Gioacchino La Barbera

Gioacchino La Barbera nasce ad Altofonte, in provincia di Palermo il 23 novembre del 1959, quindi ha 63 anni. Si pente nel 1994 e diviene uno dei testimoni chiave nel processo contro gli assassini di Giovanni Falcone. Secondo gli inquirenti, è colui che ha dato materialmente il segnale per fare partire l’attentato della Strage di Capaci.

Per la sua partecipazione alla strage, riceve una pena di 14 anni di reclusione. In seguito al suo pentimento, il padre Girolamo La Barbera (detto “Zu Mommo” viene ucciso).

Strage di Capaci

Secondo quanto emerso dalle indagini, il pomeriggio del 23 maggio del 1992 Gioacchino La Barbera doveva dare il segnale agli assassini di Falcone, appostati su un’altura sovrastante l’autostrada A29. Li avrebbe chiamati una volta avvistato il corteo delle tre auto blindate, cioè una Croma bianca col magistrato a bordo, poi due di scorta.

Rimane al telefono per 325 secondi, quasi sei minuti, quindi arrivato al bivio per Partinico, chiude la comunicazione. Il piano prevede che, non appena l’auto del giudice sia giunta all’altezza di un vecchio elettrodomestico abbandonato sul ciglio della strada, dalla collina qualcuno premesse il pulsante del radiocomando.

Alle 17,56 e 48 secondi, avviene l’esplosione che costa la vita a Falcone, la moglie e tre agenti di scorta. Gioacchino La Barbera racconterà poi di aver visto un’enorme nuvola di fumo alzarsi nel cielo e prendere la forma di un fungo “come quello della bomba atomica“. Per lui scatta l’arresto dieci mesi dopo, la sua voce è incisa su un nastro e inchioda lui e gli altri responsabili.

“Ddocu… a Capaci… unni ci fici l’attentatuni”, racconta a un amico, mentre una microspia della Dia registra le conversazioni. Diviene poi un collaboratore di giustizia, raccontando i dettagli della strage e di altri delitti di Cosa nostra. “Io ero impressionato dalla determinazione che avevo sentito nei discorsi di Leoluca Bagarella e degli altri”.

Ricevuto l’incarico domandai: ”Ma se accanto alla macchina del giudice c’è un pullman di gente qualunque, oppure un’autobotte carica di benzina, che faccio? Rinviamo, no?”. ”Neanche per sogno”, mi risposero, ”tu avvertici quando vedi la Croma bianca, al resto pensiamo noi””, racconta al Corriere della Sera.

Quindi spiega anche: “La macchina di Giovanni Falcone andava più piano del previsto.

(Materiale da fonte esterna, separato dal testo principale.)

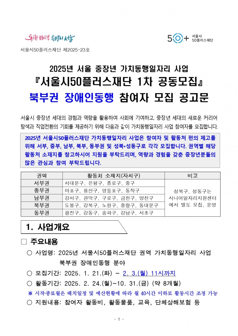 [안내] 2025년 서울시50플러스재단 권역 가치동행일자리 사업(북부권) 장애인동행(1차 공동모집) 작성자작성자 이유정 조회조회992회 작성일작성일25-01-21 11:29 본문 원본 출처: https://50plus.or.kr/appView.do?ANN_NO=1310&setPageIndex=1많은 관심과 참여 부탁드립니다~! 목록목록 이전글[교육] 의사소통 서포터 양성 교육 신청 25.02.12 다음글[안내] 음악활동 프로그램 강사 모집_하계장애인주간활동센터 25.01.17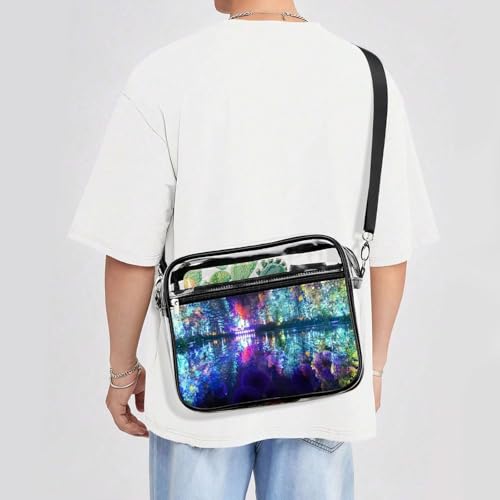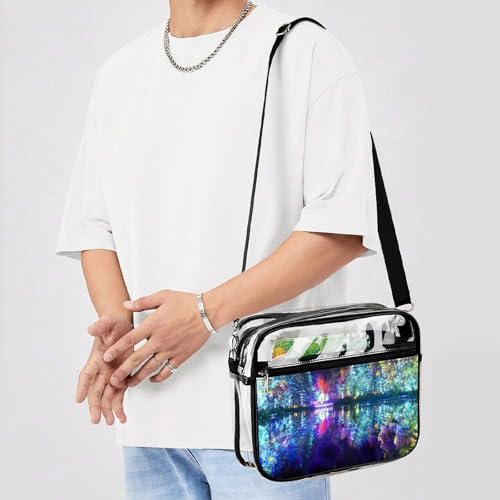 HOT ! Large Unicorrn Background Large Crossbody Bag Clear Stadium Bag Anti-Theft Side Shoulder Bags Messenger Bag with 2 Compartments

Avevamo fatto le prove a una velocità di 160 chilometri all’ora, invece quelli andavano a 80, 90 all’ora. Io procedevo parallelo a loro, sulla mia Lancia Delta, lungo la strada che costeggia la Palermo-Punta Raisi, e parlavo al telefonino con quelli che stavano sulla collina di Capaci. Parlavo lentamente per far capire loro che l’andatura di Falcone era più bassa dei nostri calcoli, e dentro di me pensavo: ”Questo si salva… si salva””.

E, ancora: “Pensavo che Falcone si sarebbe salvato. Infatti le prime notizie che sentii alla radio dicevano che era solo ferito, che la dottoressa Morvillo riusciva addirittura a parlare. Invece più tardi seppi che era morto“.